# What is expected:
Only the pictures should be left out; repeat the rest of the data exactly.

# Task data:
.....

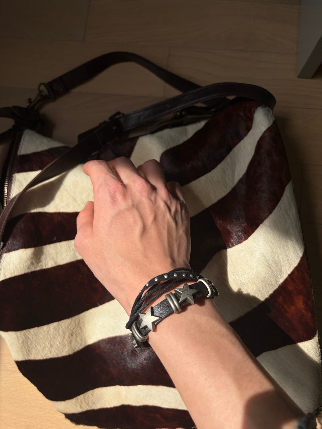블랙 색상의 펑크한 무드 팔찌 두개 세트입니다. 얇고 무채색이어서 어느 스타일에도 매칭하기 편합니다.
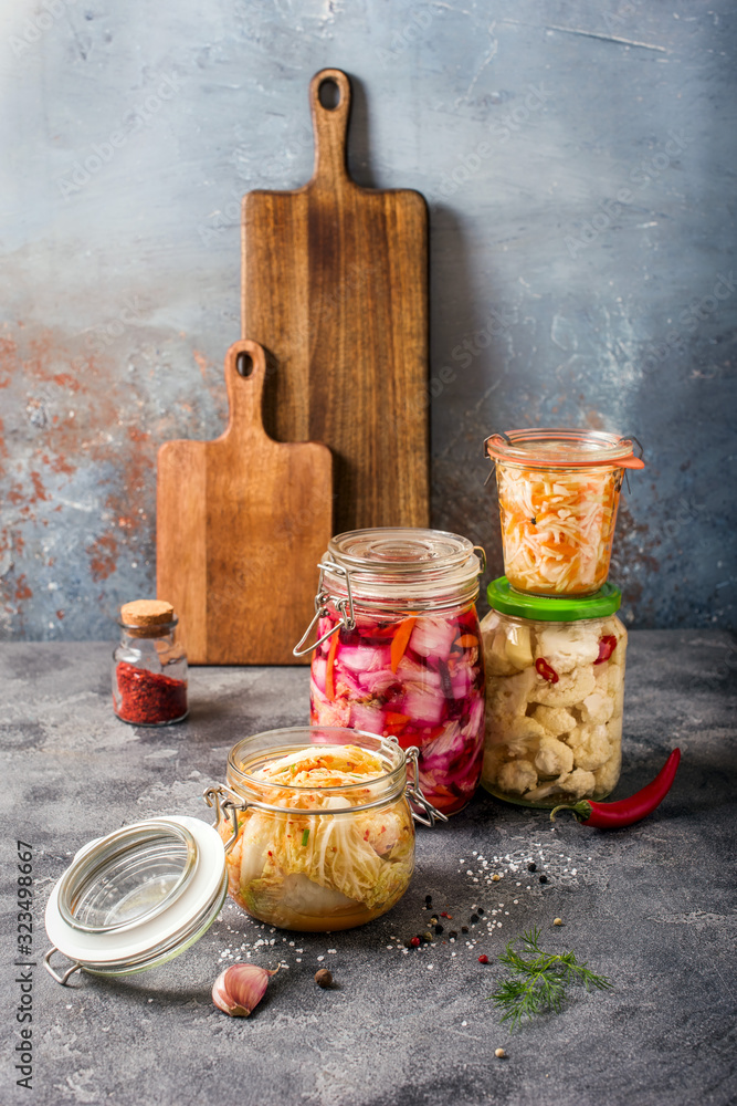 Fermented cabbage, fermented vegetables, kimchi, sauerkraut in glas jars, marinated canned food, natural probiotics, healthy eating, prebiotic rich food for digestion
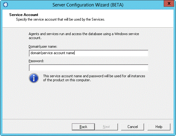 Dans la fenêtre Compte de service, entrez le compte de service de domaine/nom d'utilisateur et le mot de passe et cliquez sur Suivant. Voir Compte de service.
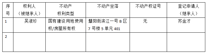| 标 题: | 继承不动产登记公告(苏金才) |
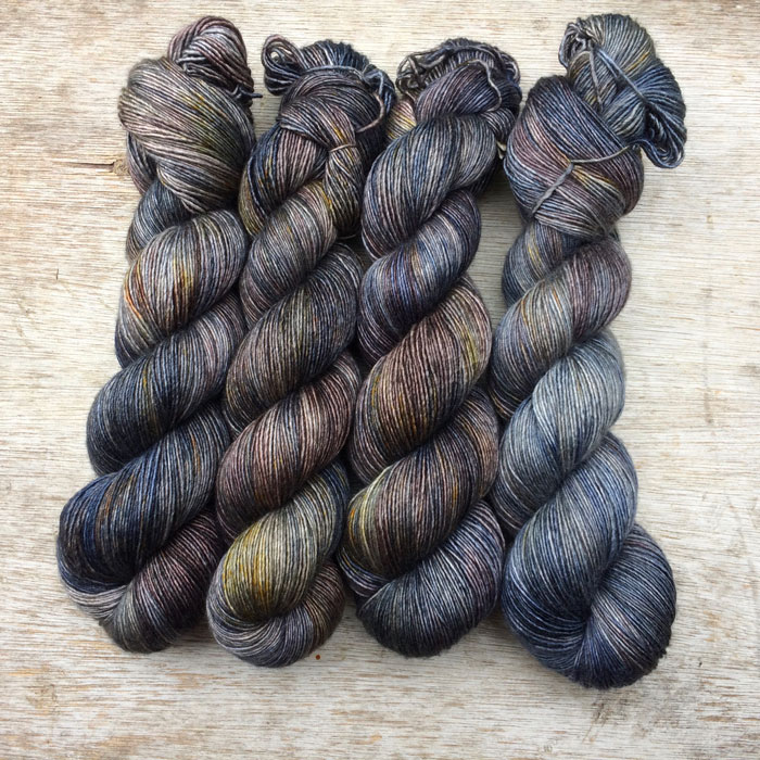 Four hanks of slightly silky yarn in shades of blue, brown, gold and plum
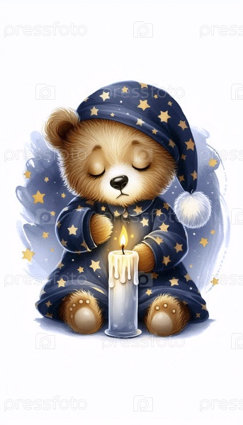 Спящий медведь в звездном ночном халате Акварельная художественная печать, Ai generated image
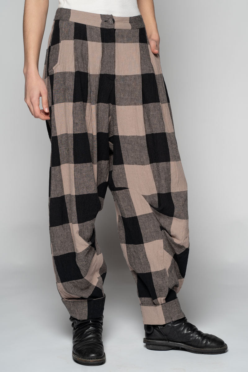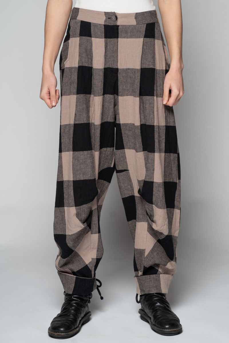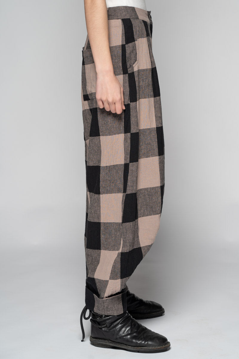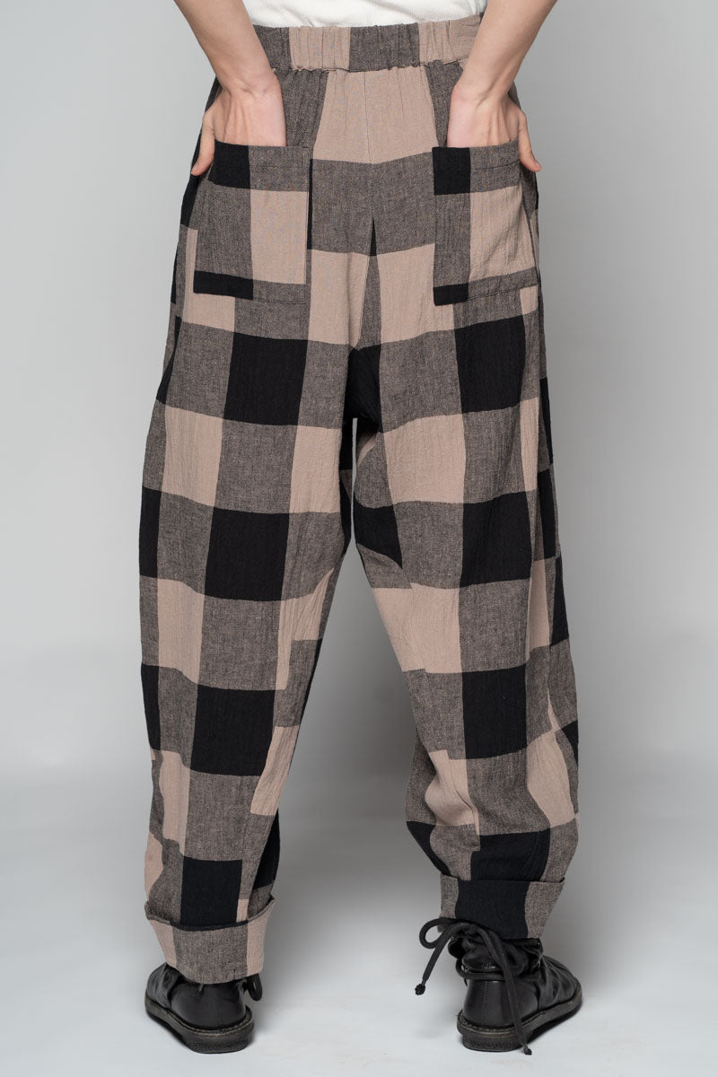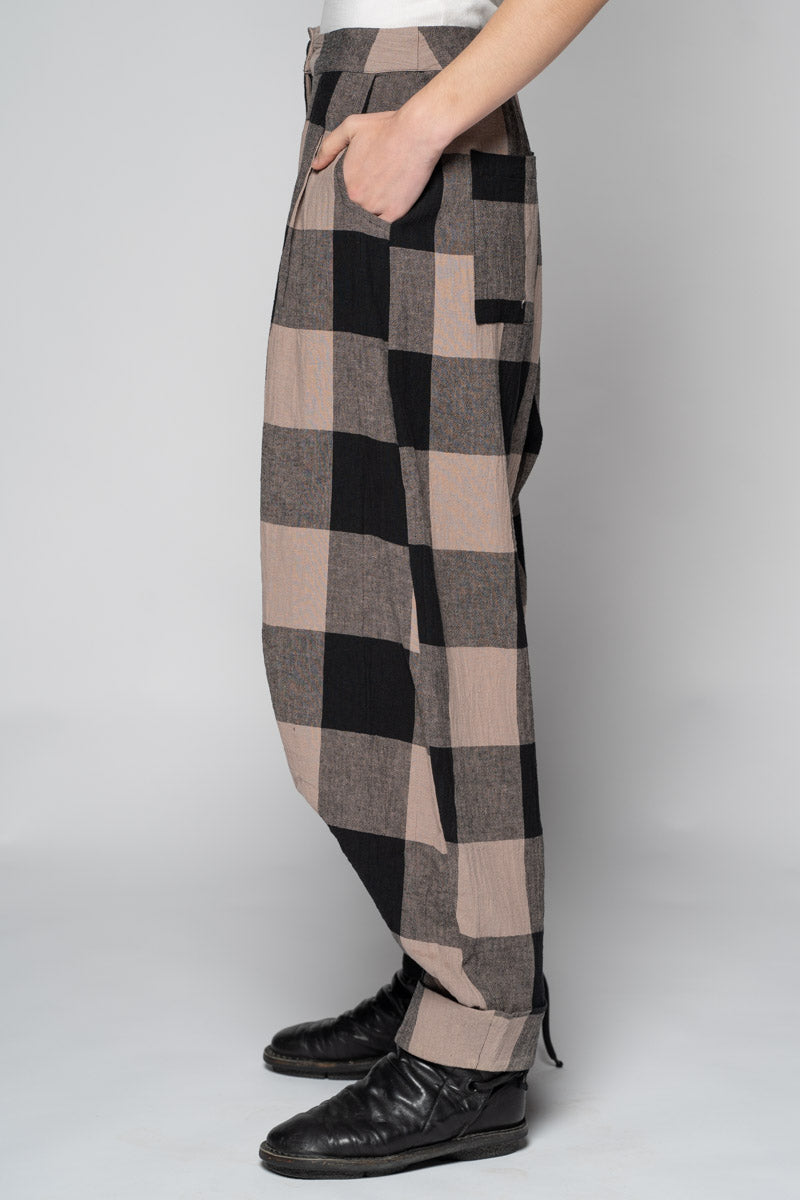 Softly structured and easy to live in, the Okina Pants bring a gentle spring volume to the wardrobe. Cut in our breathable linen/cotton blend, they sit comfortably at the waist, fall into relaxed pleats through the thigh, then taper neatly to the ankle. The check cloth has a quiet, time-worn feel—equally at home with a crisp shirt or the Kiki Frill Top on warmer days.

.....

# Task output:
블랙 색상의 펑크한 무드 팔찌 두개 세트입니다. 얇고 무채색이어서 어느 스타일에도 매칭하기 편합니다.
 Fermented cabbage, fermented vegetables, kimchi, sauerkraut in glas jars, marinated canned food, natural probiotics, healthy eating, prebiotic rich food for digestion
 Dans la fenêtre Compte de service, entrez le compte de service de domaine/nom d'utilisateur et le mot de passe et cliquez sur Suivant. Voir Compte de service.
| 标 题: | 继承不动产登记公告(苏金才) |
 Four hanks of slightly silky yarn in shades of blue, brown, gold and plum
 Спящий медведь в звездном ночном халате Акварельная художественная печать, Ai generated image
 Softly structured and easy to live in, the Okina Pants bring a gentle spring volume to the wardrobe. Cut in our breathable linen/cotton blend, they sit comfortably at the waist, fall into relaxed pleats through the thigh, then taper neatly to the ankle. The check cloth has a quiet, time-worn feel—equally at home with a crisp shirt or the Kiki Frill Top on warmer days.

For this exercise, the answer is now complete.